A road led behind a wall concealing an old industrial area from view. I saw a row of buildings made of brick and concrete, workshops, garages, and warehouses, along with some wrecked vehicles. I didn’t see any people working there. The buildings were all labelled with letters and numbers, and I found my way to E3. It was a warehouse nearly a hundred metres long. I went over to a double wooden door and knocked. There was no doorbell. No sign of life.
I walked around the building. A garbage can had been overturned, and some animal had scattered the contents across the asphalt.
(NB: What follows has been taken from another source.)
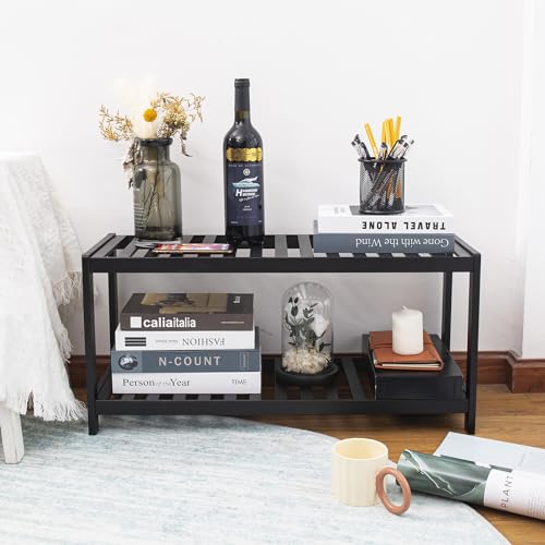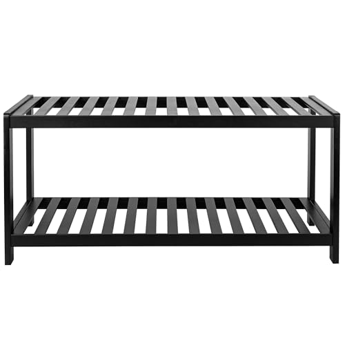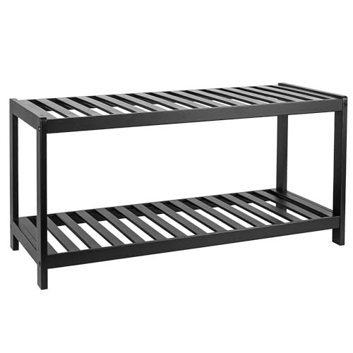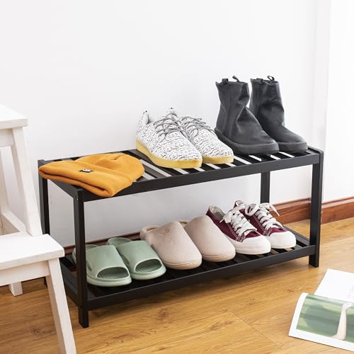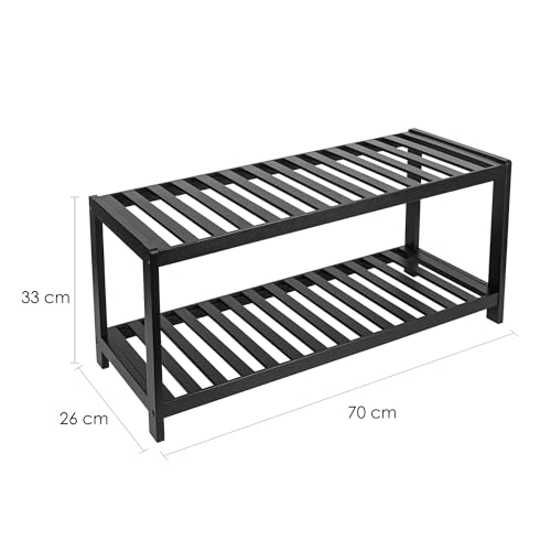 Vencier - رف احذية من الخيزران بطبقتين فينسير ارفف للرواق وغرفة النوم والحمام المعيشة حامل منظم لتخزين 8 ازواج الاحذية اسود خشب

At the corner of the warehouse, a red truck was parked with two trailers and the words MPL Express painted on the side. According to a small sign on the back doors, MPL stood for Marseille-Paris-Le Havre. I continued on around the building and at the very end I saw a door standing open. Two men were outside, having a smoke. I got out my map, pretending to be lost, and went over to them. One of the men swiftly shoved the door closed. The other had a dog on a leash, a powerful-looking animal built like a compact bulldozer.
‘Excuse me, but I think I’m lost,’ I said. ‘What is this place?’
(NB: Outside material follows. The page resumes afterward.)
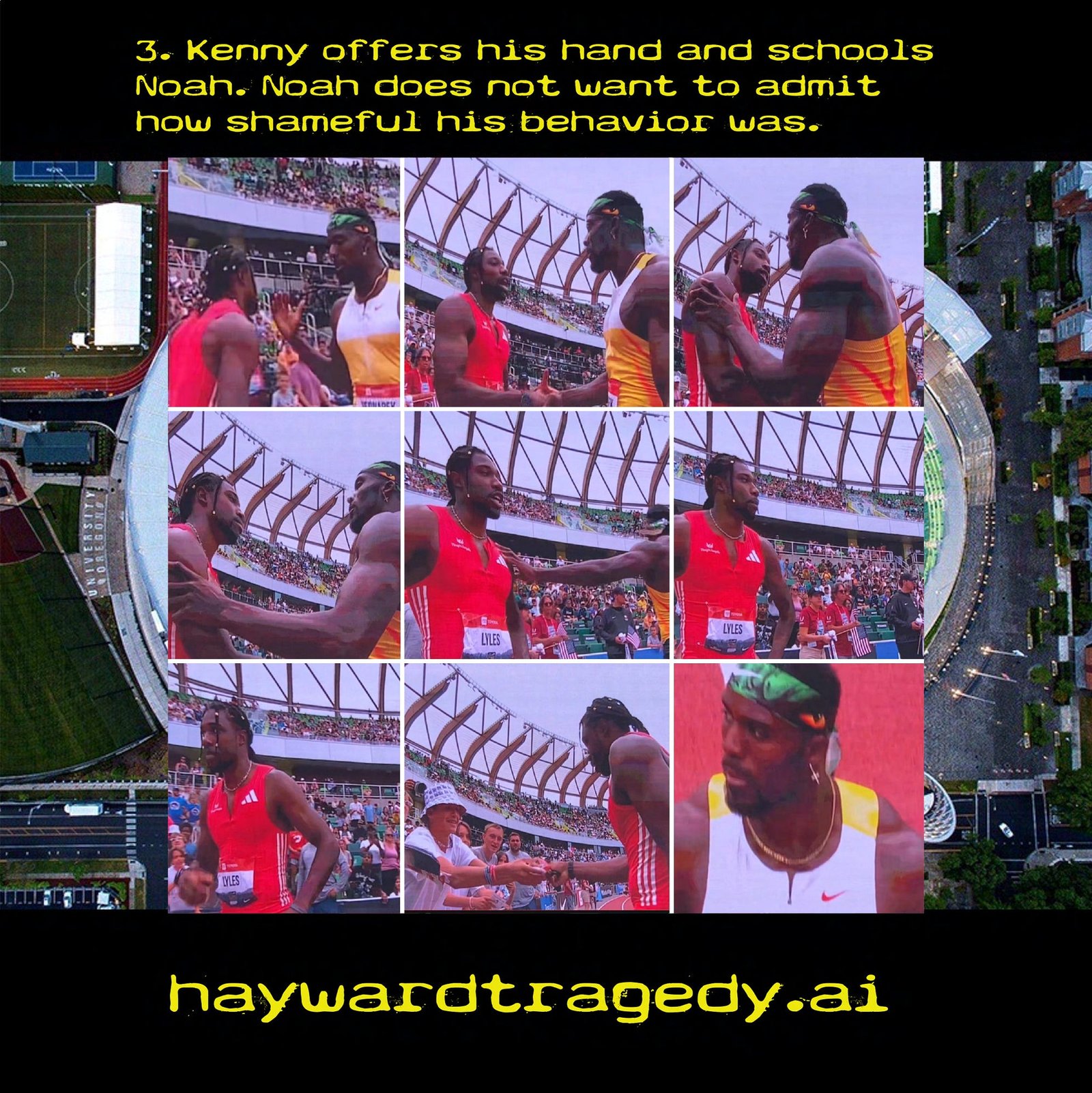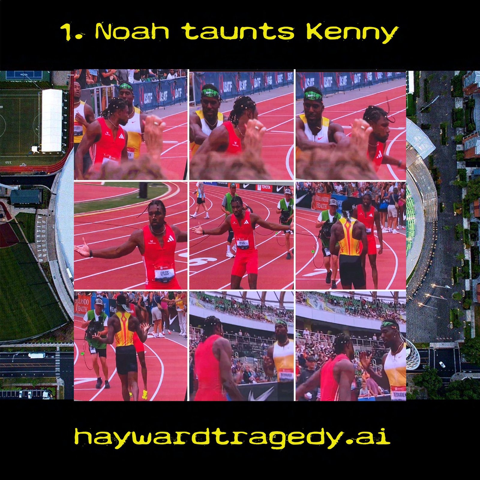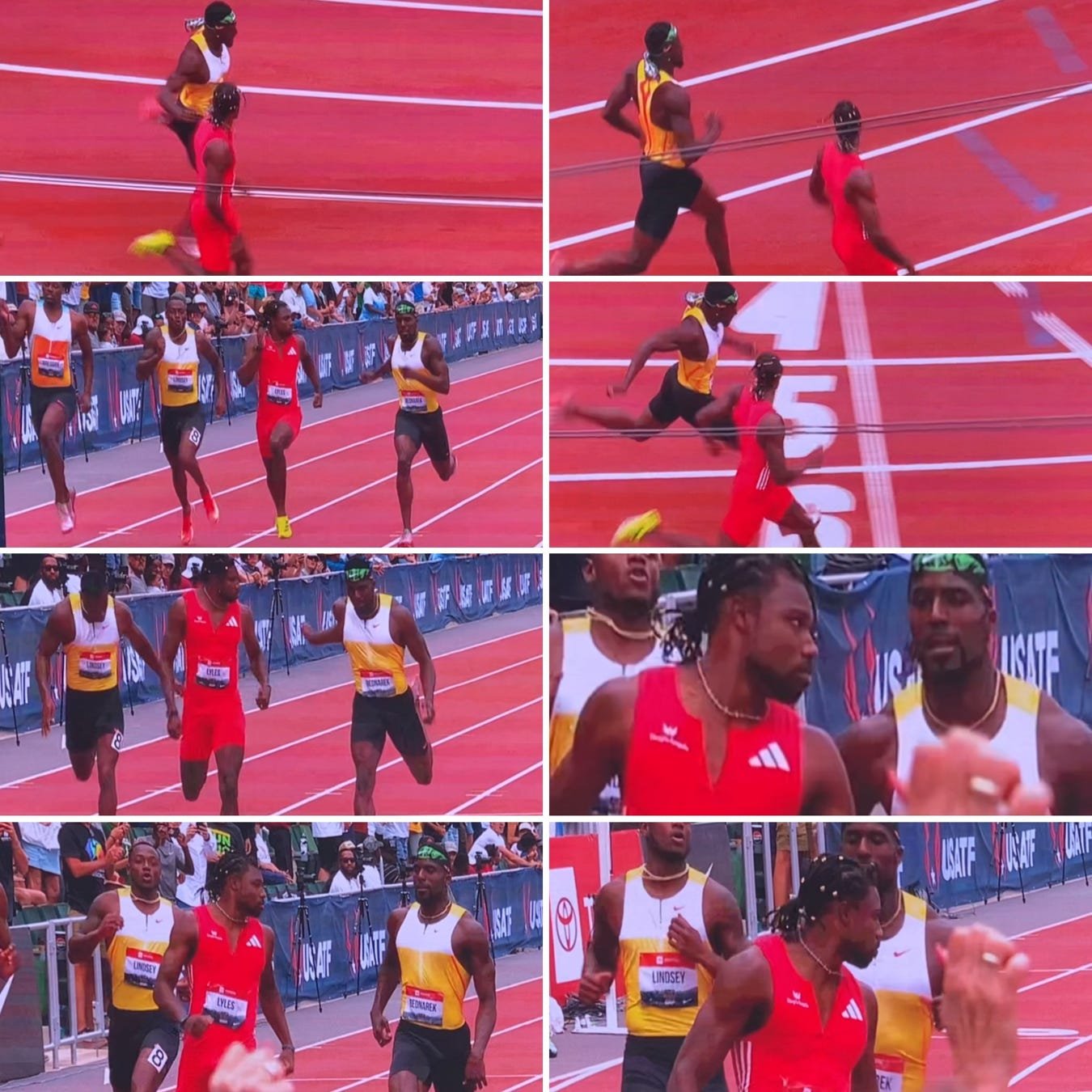This incident in the USAFT National Track and Field 2025 Championship needs to be called out for what it is: Taunting. Noah Lyles looked over to taunt Kenny Bednarek before they crossed the finish line, continued the taunt through the finish line and crossed over into Kenny’s path still taunting. Whatever history there may be, whatever happened off or on the track before this incident does not matter. This behavior is not allowed. It should never happen. It must never be tolerated. It clearly did happen and the very least, Adidas should acknowledge that it did, that they do not support it and therefore will not pay Noah his bonus for the win. The USFTA should make a similar statement. Noah should apologize publicly. If Noah wants to properly redeem himself he should, publicly, hand his gold medal to Kenny and withdraw from the 200. He should only run the 100, where he has conducted himself honorably. There is plenty of glory to be won there. As for the relay, what do you think?

The man muttered something in French. The dog moved towards me, straining at the leash. I took a step back. Don’t run, I thought to myself. Or that dog will think I’m his dinner.
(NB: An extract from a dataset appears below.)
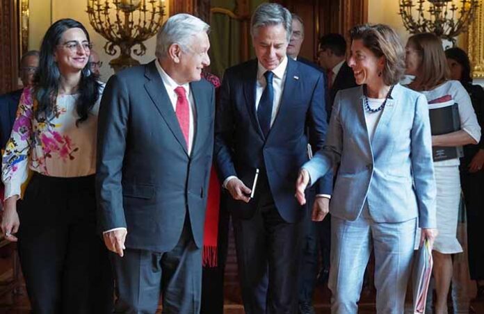 Ciudad de México.- El presidente Andrés Manuel López Obrador calificó la reunión que sostuvo la tarde de este lunes con el secretario de Estado de la Unión Americana, Antony Blinken y la secretaria de Comercio, Gina Raimondo, como «productiva y amistosa».

‘I’m looking for the market,’ I said. ‘But I must have gone the wrong way.’
The dog growled, glaring at me with its eyes running, its jaws open wide. Suddenly I didn’t know what I was doing there. One building more or less wouldn’t make any difference. These men were not about to tell me anything. Nor was the dog or the building.
‘I’m sorry. I’m just an American tourist,’ I said, and headed at a modest pace for the road that led out of the property. When I turned the corner, and the bulldozer dog was out of sight, I started running. I didn’t stop until I saw a petite woman wearing a black headscarf shambling across the street with bags of food in both hands.
‘Salif was like their leader,’ said Arnaud Rachid in a low voice, glancing over his shoulder as the escalator slowly carried us downwards. ‘It was his idea for them to escape.’
‘And he was the only one to survive?’
Arnaud nodded.
‘I’d given him a cell phone. He climbed out onto the roof. That was where he called Patrick Cornwall. He broke his leg when he jumped down onto the building next door.’
We reached the underground and continued through a gloomy shopping mall with grey hallways and low ceilings. I tried to ignore the fact that we were heading for the Métro. Huddled behind a pillar I saw three people leaning close to each other. I caught a faint mumbling, saw goods changing hands.
‘Nice place,’ I said, nodding at the transaction taking place in the shadows.
‘Les Halles has been a marketplace since the Middle Ages,’ said Arnaud. ‘Around here you can buy anything you want. Grass, heroin, passports …’
I took in a deep breath as we passed through the Métro ticket barriers, noticing again the scorched smell, the gusts of warm air.
‘So this is where you can get a fake passport if you need one?’ I said, just to get my mind off the enclosed space.
‘It’s not so easy to make a counterfeit passport any more.’ Arnaud headed for another tunnel. ‘But there are tens of thousands of genuine passports in circulation, maybe hundreds of thousands. It’s always possible to find somebody who is similar in appearance.’
‘Stolen passports?’
‘Some of them. But some people sell their own passport. Then they report it stolen and get a new one.’
‘Which they also sell?’ I said. ‘Sounds like a great business.’
‘Migrants who are smuggled into the country often have their passports confiscated by the same people who brought them here. Then the passports are sold. Ten or twenty immigrants can be brought here in various ways, but all on the same passport.’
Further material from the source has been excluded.